Republican statecraft since Dante Alighieri has viewed the purpose of language to be the empowering of a people to impart and receive, in the words of P.B. Shelley’s “In Defence of Poetry,” profound and impassioned conceptions respecting man and nature. A democratic republic can not long survive unless most members of the nation’s electorate, as well as its statesmen and other policy-influentials, share a common use of a literate language developed to communicate profound and scientifically rigorous thought respecting the consequences of choices of public policy. Until such a condition of the general electorate is achieved, every republic continues to be threatened from within by the danger that the irrational passions of an underdeveloped popular majority might wreck those institutions of government and policy on which the progress and survival of that nation depends.

—Lyndon LaRouche, “Religion, Science and Statecraft: New Directions in Indo-European Philology,” available here.

The advanced deliberations and resultant policy recommendations required to wrest control from the grip of the doomed semi-literates of the trans-Atlantic “zombie dollar” sector, before they bring about—including accidentally—a thermonuclear obliteration they might not even suspect, must be put on a fast track. The world cannot wait. A system of conferences and public discourse that can override the antics of Foggy Bottom and Vauxhall Cross, headquarters of the State Department and MI6 respectively, must be employed by free thinking citizens and representatives of institutions. Deliberations, informed by the “profound and scientifically rigorous thought” of which LaRouche speaks, must not be secret, but available to each and every citizen anywhere in the world who recognizes not only how directly he or she is affected by world events, but also, how those events may be altered by even one individual fortified with “the whole armor of truth.”

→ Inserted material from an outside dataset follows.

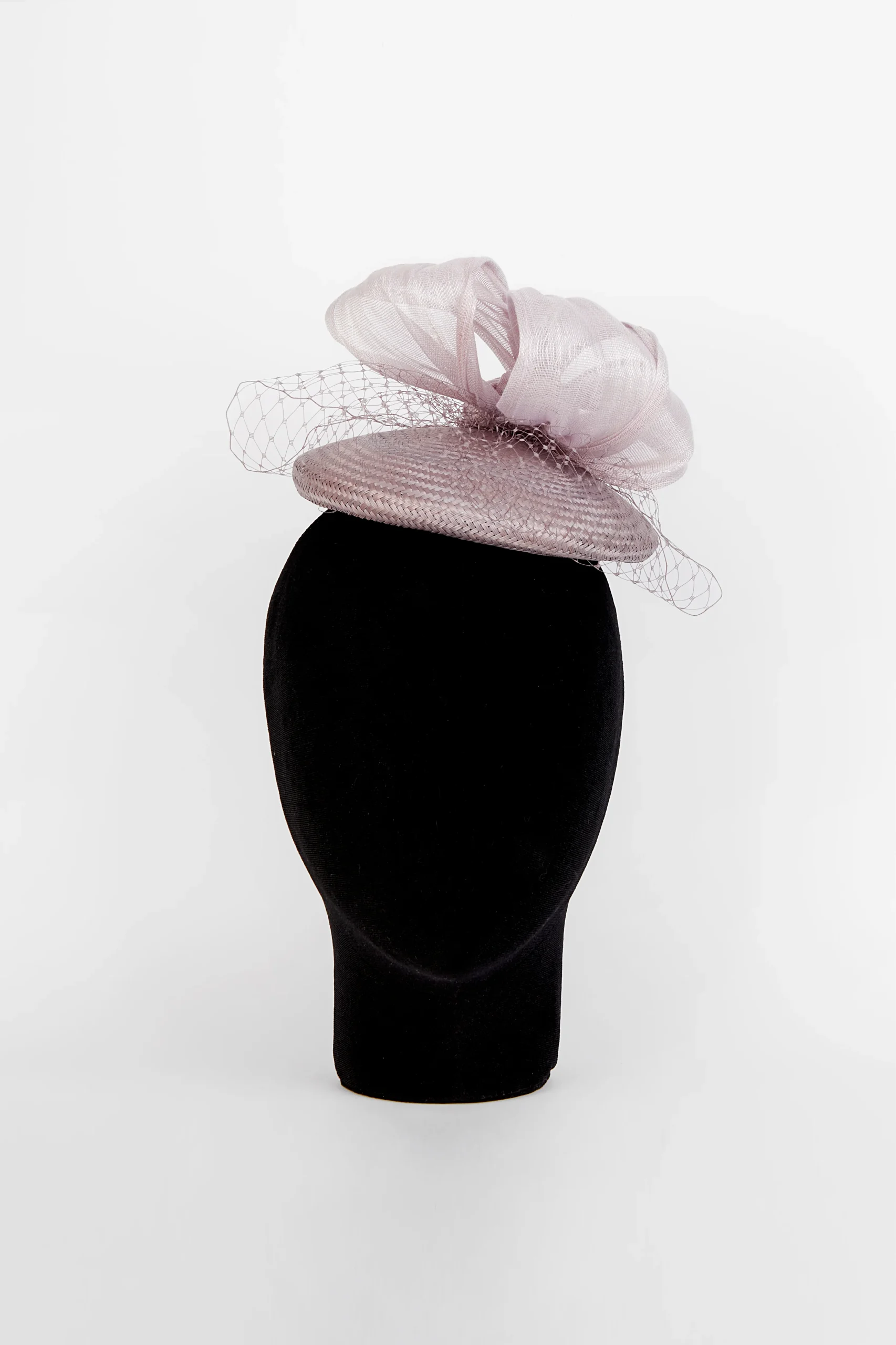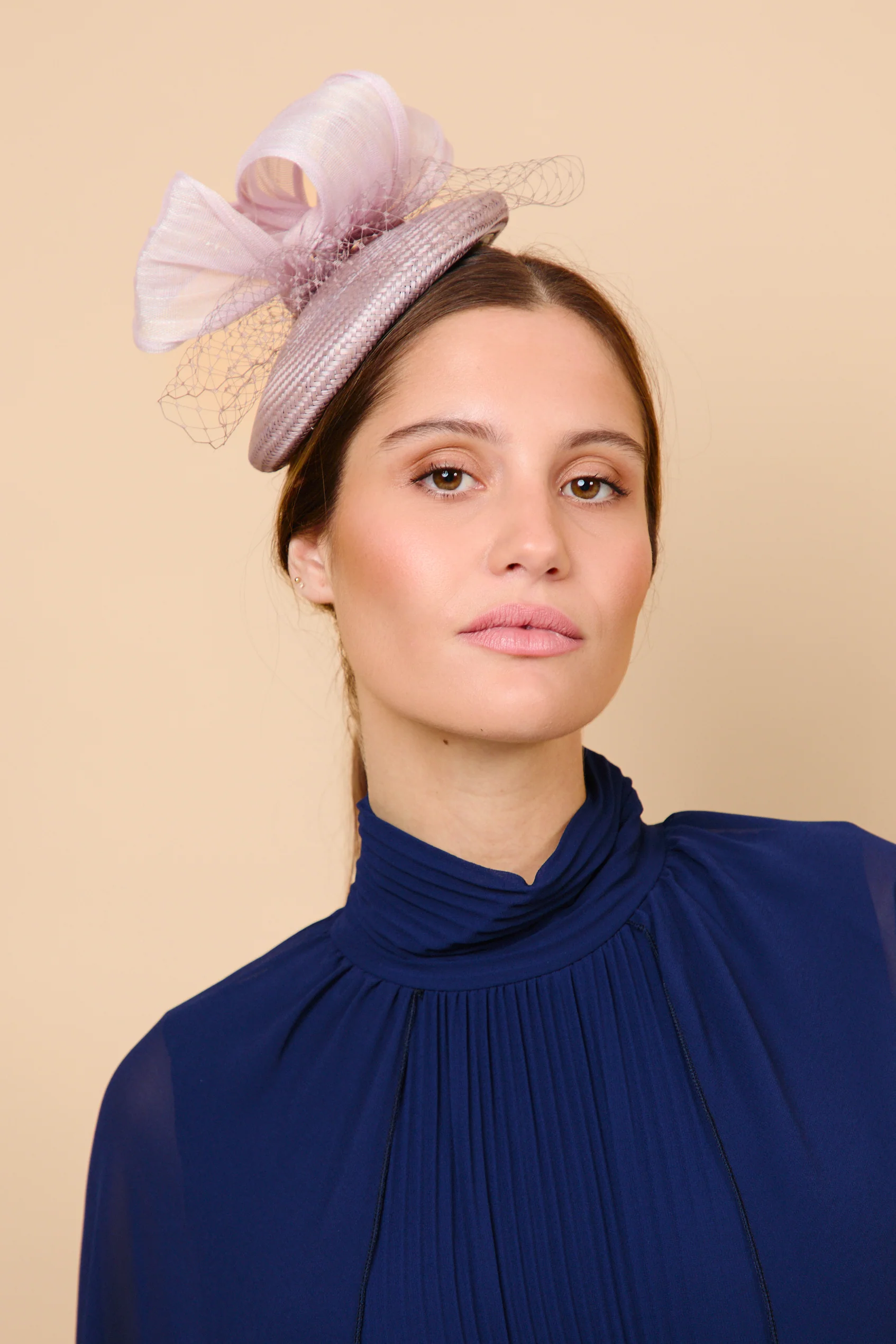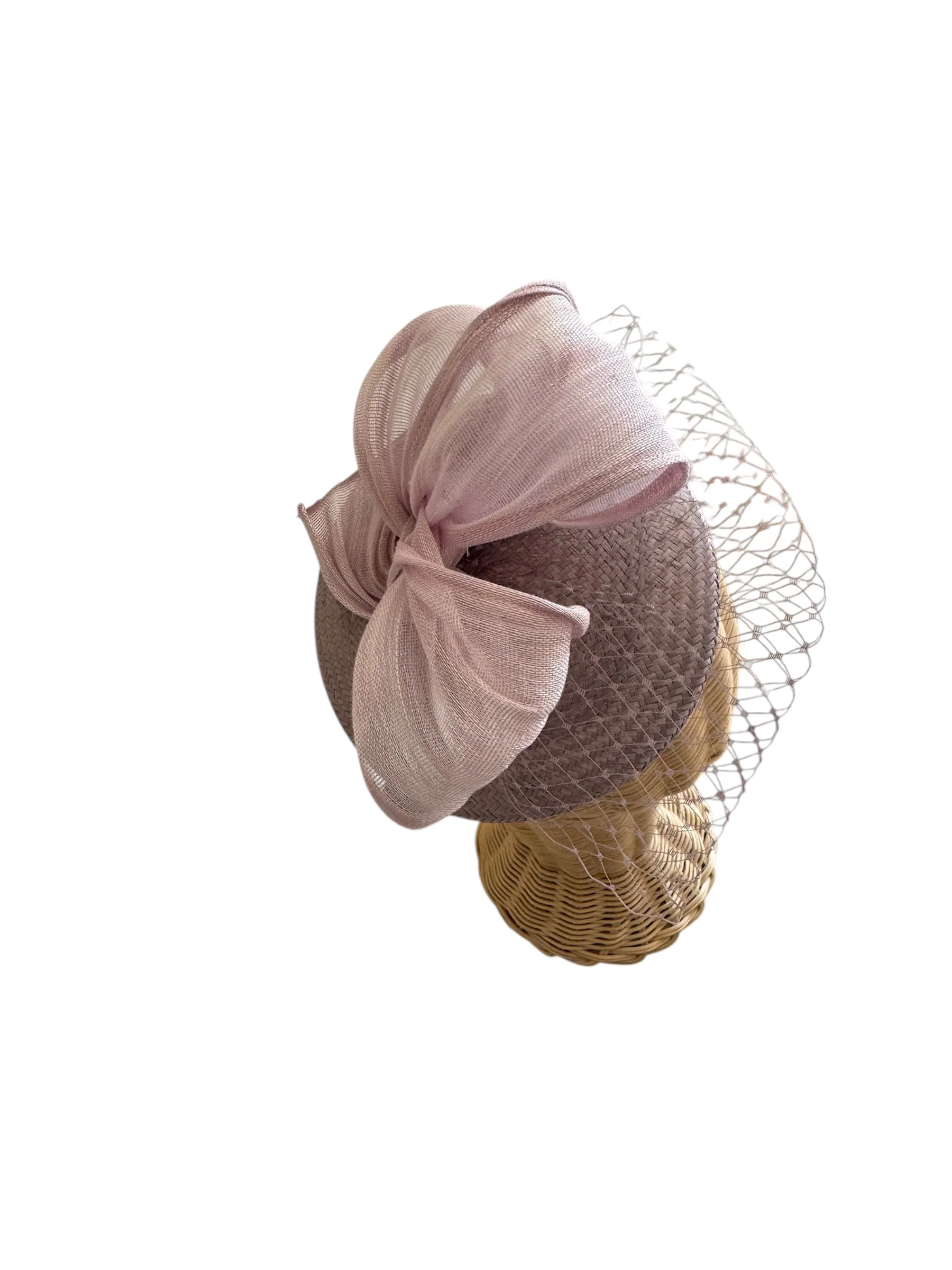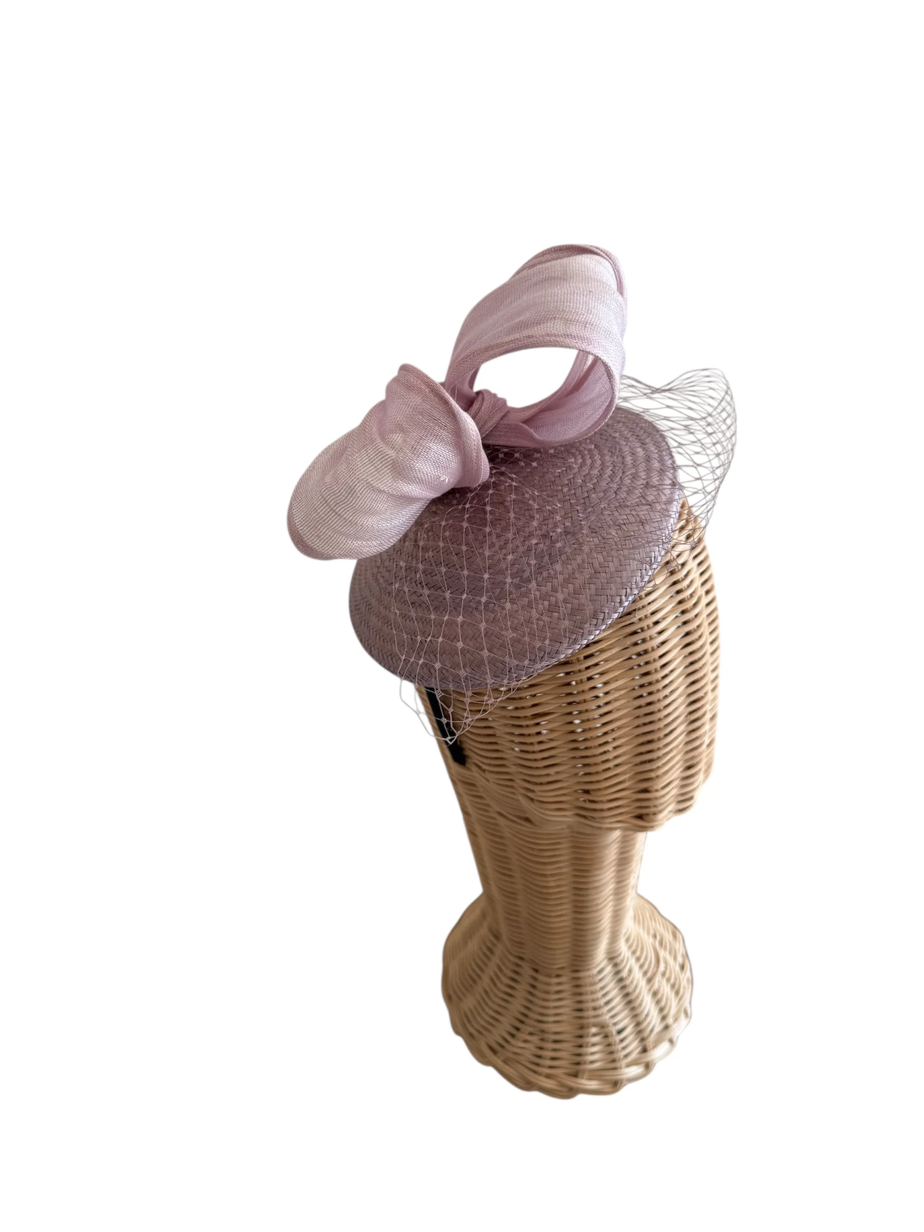 - Diseño adornado con un lazo de sinamay y redecilla, una combinación de texturas que aporta volumen, movimiento y un acabado artesanal muy cuidado.

If hundreds, or even scores of such discussions, both going into and coming out of the upcoming April 15-16 conference are now provoked by our movement, whether in the form of interventions, street discussions, or blog posts and virtual programs, that can become the process by means of which the democratic republic might yet still be saved. That agapic principle of bringing the democratic republic back to life through creative nonviolent direct action, must first be reintroduced into an Anglosphere now dominated by thought-control and proto-dictatorship, like in the 1930s, in almost every “Western” nation. That can only be done by the vigorous calling to public account of the “masters of the universe” who have failed, and by providing the solutions they refused to devise or adopt.

A “world town hall” discussion will take place Saturday-Sunday, April 15-16, sponsored by the Schiller Institute. Titled, “Without the Development of All Nations, There Can Be No Lasting Peace for the Planet,” it will convene more than a thousand participants from many nations. Their united voices and actions can incite a shift from the march of folly toward a Malthusian dead end in economics, science and culture, to a narrow path out of the “dark wood” of self-inflicted poverty, violence and despair now epidemic in the once-prosperous “developed world.”

To aid in the organizing for this conference, please pre-register today at the Schiller Institute site.

Also, before next week, and in the spirit of the Passover/Easter/Ramadan season, here is a spiritual exercise proposed for all. Pick a nation not your own, and with which you have little familiarity. Then ask, and try to answer: “How would a new security and development architecture change this country for the better?” Then you are thinking and working in the complex domain that will indeed ensure not only others’, but your own durable survival as well.